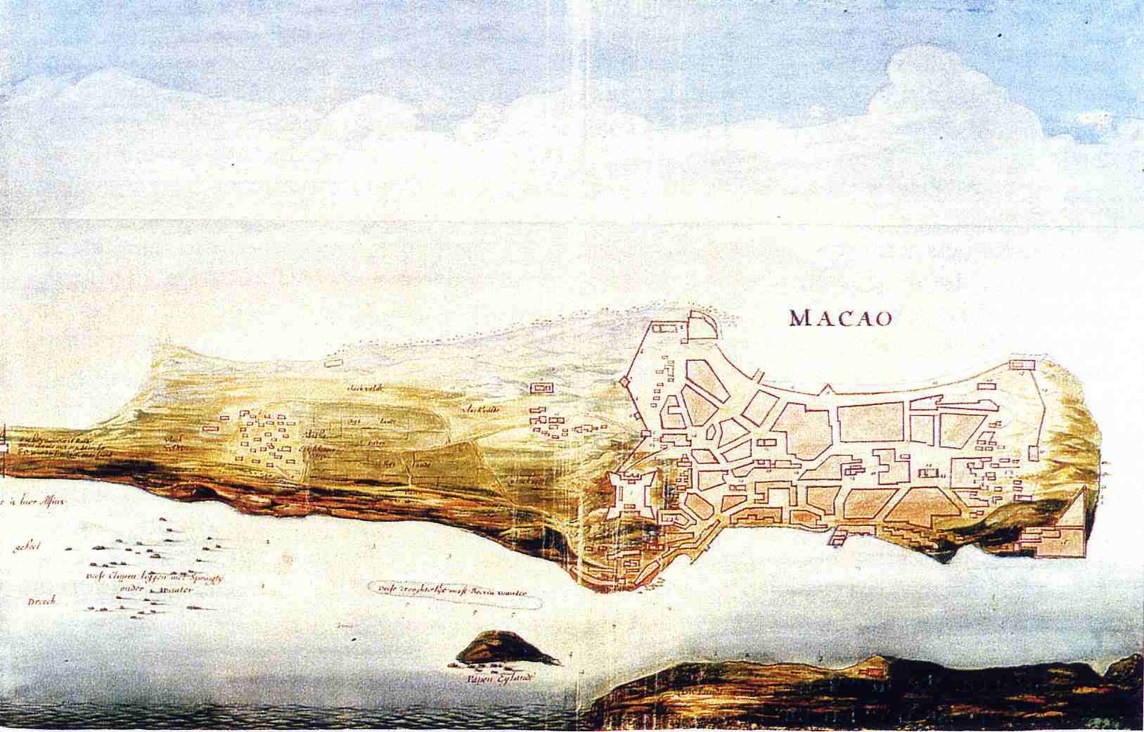 Se exceptuarmos os múltiplos elementos sobre a ocupação do sítio facultados pela documentação escrita que foi sendo produzida desde os primórdios da presença portuguesa em Macau, é possível que a mais antiga sugestão visual individualizada e não fantasiosa da península de Macau de que há notícia seja um desenho saído da mão de outro cartógrafo luso-asiático, Manuel Godinho de Erédia (figura 1). Trata-se do esboço incluído num atlas-miscelânea de c. 1615-c. 1622, que pertenceu à colecção de Carlos M. Machado Figueira (Lisboa), mas cujo paradeiro se desconhece. Este esboço tanto poderá ter sido cópia de um mapa existente em Goa, como de um protótipo cedido a Erédia por alguém que conhecesse o terreno[3] .
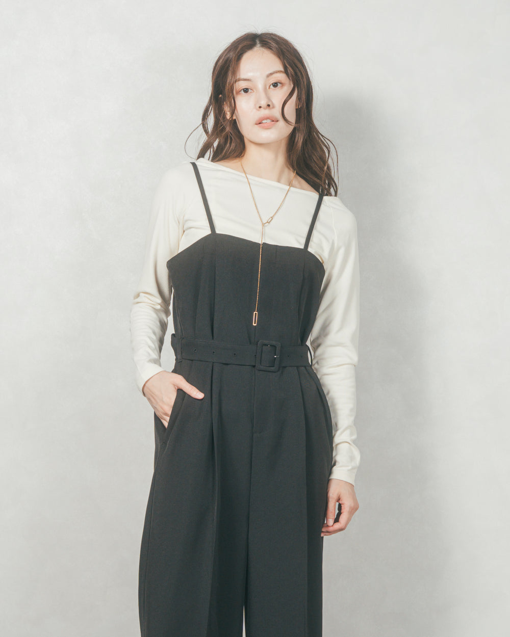ウエストベルト付 Twillキャミサロペ (BLACK)
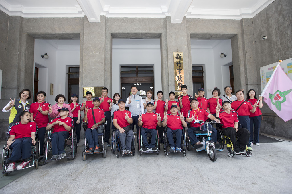 107年全國身心障礙國民運動會5月24日登場,今(22)日新竹市代表隊誓師前往嘉義市參賽,去年代表隊得到8金、1銀的好成績,其中輪椅網球金牌「新竹戴加揚」戰無不勝,在身心障礙網球界名號響亮,市長林智堅表示,新竹市代表隊的實力具有全國指標性,對於選手們勇於面臨挑戰的精神由衷敬佩,他也親自授旗,盼選手們延續連霸佳績,為竹市再奪金牌。
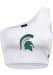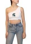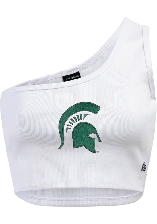 Elevate your tailgating style with this Michigan State Spartans Womens Tank Top. Stay fashionable and comfortable in the refreshing White Senior One Shoulder Sleeveless Shirt. Discover the enticing details of this MSU Tank Top, showcasing a embroidered team logo on center chest that's sure to impress.
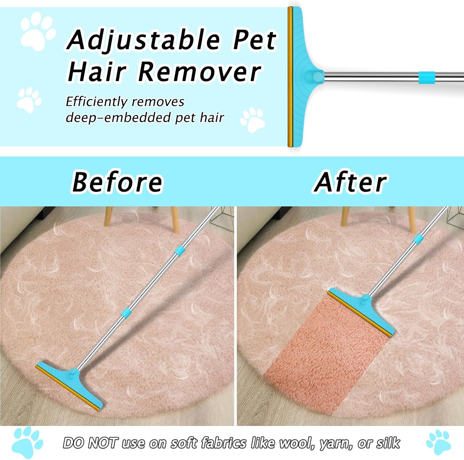 - Effectively Clean Embedded Pet Hair - The handle of the dog hair remover is made of 4 durable stainless aluminum sections, Length adjusts from 16.5 to 60 inches fits different heights and protect your back. The long adjustable handle dog fur remover reaches deep into the carpet, easy to reach under sofas and hygienic corners removes all of your beloved pet's hair.The Y-shaped cat fur remover designed to fit more scenarios
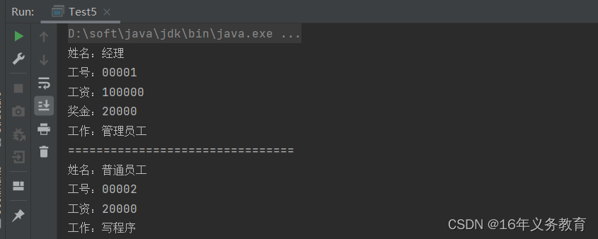 System.out.println("工作:管理员工"); //重写抽象类方法

--

Print out the entries once more, unchanged. No pictures.

### [OUTPUT]
 Se exceptuarmos os múltiplos elementos sobre a ocupação do sítio facultados pela documentação escrita que foi sendo produzida desde os primórdios da presença portuguesa em Macau, é possível que a mais antiga sugestão visual individualizada e não fantasiosa da península de Macau de que há notícia seja um desenho saído da mão de outro cartógrafo luso-asiático, Manuel Godinho de Erédia (figura 1). Trata-se do esboço incluído num atlas-miscelânea de c. 1615-c. 1622, que pertenceu à colecção de Carlos M. Machado Figueira (Lisboa), mas cujo paradeiro se desconhece. Este esboço tanto poderá ter sido cópia de um mapa existente em Goa, como de um protótipo cedido a Erédia por alguém que conhecesse o terreno[3] .
ウエストベルト付 Twillキャミサロペ (BLACK)
 107年全國身心障礙國民運動會5月24日登場,今(22)日新竹市代表隊誓師前往嘉義市參賽,去年代表隊得到8金、1銀的好成績,其中輪椅網球金牌「新竹戴加揚」戰無不勝,在身心障礙網球界名號響亮,市長林智堅表示,新竹市代表隊的實力具有全國指標性,對於選手們勇於面臨挑戰的精神由衷敬佩,他也親自授旗,盼選手們延續連霸佳績,為竹市再奪金牌。
 Elevate your tailgating style with this Michigan State Spartans Womens Tank Top. Stay fashionable and comfortable in the refreshing White Senior One Shoulder Sleeveless Shirt. Discover the enticing details of this MSU Tank Top, showcasing a embroidered team logo on center chest that's sure to impress.
 - Effectively Clean Embedded Pet Hair - The handle of the dog hair remover is made of 4 durable stainless aluminum sections, Length adjusts from 16.5 to 60 inches fits different heights and protect your back. The long adjustable handle dog fur remover reaches deep into the carpet, easy to reach under sofas and hygienic corners removes all of your beloved pet's hair.The Y-shaped cat fur remover designed to fit more scenarios
 System.out.println("工作:管理员工"); //重写抽象类方法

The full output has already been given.